Count occurences of True/False in column of dataframe
Use pd.Series.value_counts()
:
>> df = pd.DataFrame({'boolean_column': [True, False, True, False, True]})
>> df['boolean_column'].value_counts()
True 3
False 2
Name: boolean_column, dtype: int64
If you want to count False
and True
separately you can use pd.Series.sum()
+ ~
:
>> df['boolean_column'].values.sum() # True
3
>> (~df['boolean_column']).values.sum() # False
2
With Pandas, the natural way is using value_counts
:
df = pd.DataFrame({'A': [True, False, True, False, True]})
print(df['A'].value_counts())
# True 3
# False 2
# Name: A, dtype: int64
To calculate True
or False
values separately, don't compare against True
/ False
explicitly, just sum
and take the reverse Boolean via ~
to count False
values:
print(df['A'].sum()) # 3
print((~df['A']).sum()) # 2
This works because bool
is a subclass of int
, and the behaviour also holds true for Pandas series / NumPy arrays.

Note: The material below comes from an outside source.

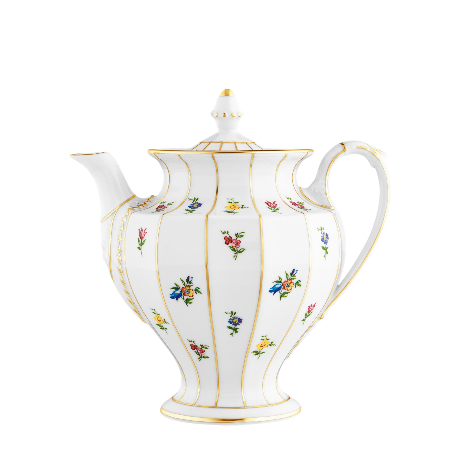 The MILLE FLEURS decor exudes the cheerfulness of a dreamy Biedermeier garden with its airy scattered flowers. With this decor, the FÜRSTENBERG Form GRECQUE is a very classic service for the Biedermeier period, because scattered flowers were the most important ornament of the era.

Alternatively, you can calculate counts using NumPy:
print(np.unique(df['A'], return_counts=True))
# (array([False, True], dtype=bool), array([2, 3], dtype=int64))
This alternative works for multiple columns and/or rows as well.
df[df==True].count(axis=0)
Will get you the total amount of True
values per column. For row-wise count, set axis=1
.
df[df==True].count().sum()
Adding a sum()
in the end will get you the total amount in the entire DataFrame.
I couldn't find here what I exactly need. I needed the number of True and False occurrences for further calculations, so I used:
true_count = (df['column']).value_counts()[True]
False_count = (df['column']).value_counts()[False]
Where df is your DataFrame and column is the column with booleans.